Sensex, Nifty surge as markets cheer Economic Survey ahead of Budget


Mumbai, Jan 31 (IANS) The Indian stock market on Friday continued its rise for the fourth straight day as Finance Minister Nirmala Sitharaman presented the Economic Survey 2024-25 in Parliament ahead of the Union Budget 2025-26.

The Economic Survey pegs India’s GDP growth at 6.3-6.8 per cent for 2025-26.

The BSE Sensex touched an intra-day high of 77,549.92 before closing at 77,500.57 by gaining 740.76 points or 0.97 per cent. The NSE Nifty ended 258.90 points, or 1.11 per cent, higher at 23,508.40. The index moved between 23,530.70 and 23,277.40 during the day.

The week concludes on a mixed note — heavy selling at the start, a brief recovery, and now a wait-and-watch approach ahead of the budget, market experts said.

Only four stocks on the 30-share BSE Sensex traded lower — ITC Hotels which was down by 4.24 per cent, Bharti Airtel, ICICI Bank, and TCS.

Meanwhile, the top gainers on Sensex were Adani Ports & SEZ, Titan, Mahindra & Mahindra, IndusInd Bank and others.

On Nifty, 45 out of 50 stocks ended in the green, and the biggest gainers were Trent, BEL, Tata Consumer Products, Titan and more.

However, the top losers include Bharti Airtel, ITC Hotels, Kotak Mahindra Bank, and others.

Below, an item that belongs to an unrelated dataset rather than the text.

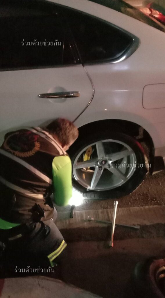 อาสาช่วยได้! ประชาชนร้องขอความช่วยเหลือรถล้อยางแตก จอดอยู่พระราม 2

Consumer durables was the top-performing sector rising 2.09 per cent, followed by auto, realty, oil, and FMCG indices which were up over 1 per cent each.

However, IT, Metal, and Media stocks were also trading higher and the Nifty Bank index was flat.

In the broader market, the BSE Midcap was up 1.14 per cent, while the BSE Smallcap gained 1.24 per cent.

On the NSE, 1,933 stocks advanced, while 636 stocks declined during the trading session. Additionally, 18 stocks hit their 52-week highs, while 46 stocks touched 52-week lows.

The Economic Survey 2024-25 pegs India’s GDP growth at 6.3-6.8 per cent for 2025-26.

According to the survey, the Modi 3.0 govt will continue its emphasis on micro, small, and medium enterprises (MSMEs) and good rabi crop production to accelerate growth and employment in the economy.